Today as Christians around the world celebrate Easter, I also personally celebrate another special event. On this day, 23 years ago, I became a Christian as I asked Jesus Christ to come into my heart.
Let me take you back in time to that day. I was 13 years old, and for the past few months, I had this sense that God wanted a deeper relationship with me. Growing up as a daughter of missionaries, Christ was preached day in and day out. At 6, I had said yes to Jesus. I was known as a good girl by everyone around me. So in the eyes of everyone, everything was going well.
Yet recently, as I entered into my teen years, I felt that I needed more. My experience in boarding school had not been kind to me, and maybe it was what made me realise that I was not perfect. I wanted more out of life. There was this new hunger I could not explain and this need for God that was growing every day.
So on this Saturday evening as my Mum preached to the young people that usually gathered at our house in Akure, Ondo State, Nigeria. I had this conviction that tonight was the night. You see, I had gotten the impulse a few weeks prior at the youth service at Church. But to be honest, I was scared of what people would say. ”Pastor’s child, and it’s only now she is giving her life to Christ.”
Now in my living room, my Mama was preaching and giving the altar call. Still, I remained in my seat. I thought again, how embarrassing this would be if I put my hand up in front of all these people.
Later on, when the house was quiet. After the teenagers had departed for their homes, and we had rearranged the sitting room and dining. I went to my room, closed my door and started to pray.
Then I stood up suddenly; I wasn’t sure if I was doing it right. So I ran into my parent’s bedroom. My mother was startled. ”Bethany are you okay? She asked me.” You see, I had been sick for three months and was waiting to have surgery. So when I came bursting into her room, she thought I was in pain.
Then I quickly told her my predicament. I can still see her smile as she said to me that what I had in mind to do was just fine. There was no ritual as such; all I needed to do was confess my sins and ask Jesus to come into my heart.

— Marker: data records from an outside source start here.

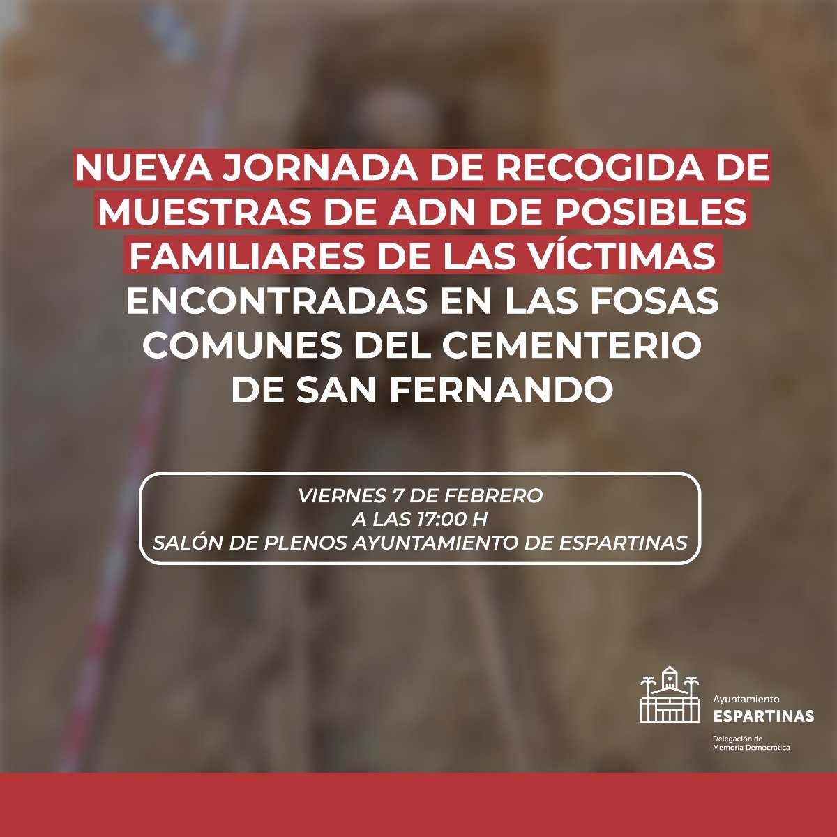 El salón de plenos del Ayuntamiento de Espartinas acoge este viernes 7 de febrero a partir de las 17.00 horas la segunda recogida de muestras de ADN a posibles familiares de víctimas encontradas en las fosas comunes del Cementerio de San Fernando de Espartinas.
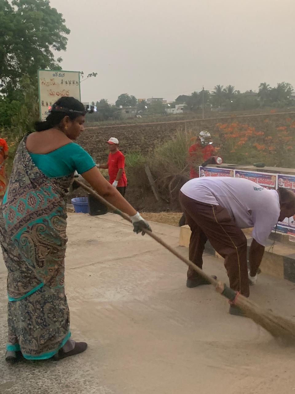 ఈ వారంలోనే 3 వ సారి అనుకొంటా - చీపుళ్ళతో తుడిచి, అక్కడి దుమ్మునూ - ఇసుకనూ పారల్తో, డిప్పల్తో మోసుకెళ్లి రోడ్డు మార్జిన్ గుంటలు నింపుతున్న ఐదారుగురి ప్రయత్నాన్ని అభినందించండి!
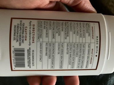 [This review was collected as part of a promotion.] At first I really liked it. The scent was amazing! It truly smells like coconut and vanilla like it claims! And I love that it’s aluminum free! But it didn’t last as long as some of my other go to deodorants so I probably wouldn’t buy this again.

So back to my room, I went, and I knelt and prayed that simple but powerful prayer. Then I felt a fantastic sensation of peace. It felt so real that I could almost touch it. Gone was all the anxiety and inside me was this peace and joy bubbling as I stood up and rushed to my Mama. I did it, and He is in my heart. I cried out in relief.
Two weeks later, I had the surgery. Four months after we moved as a family to another country. Giving my life to Christ is the best decision I made.
At 17 years old, I publicly declared my faith by getting baptised in the school’s swimming pool. If you know my aversion for water, that was a bold statement I made. At 18, I was on my own, attending university in California.
My journey has not been an easy one. But my faith in Christ Jesus is what has kept me grounded till date. The confidence that no matter what happens, God who raised Jesus from death is with me is what keeps me trusting and believing even in scary times like the current one are facing right now.
I don’t have all the answers but this one thing I know, because He lives, I can face tomorrow. Also knowing that absolutely nothing can separate me from his love gives me the courage to live out each day.
Dear friends and family, I don’t know if you know Jesus as your saviour. I hope that you would get to know him. Especially in an insecure world like ours, you will find him to be a solid Rock.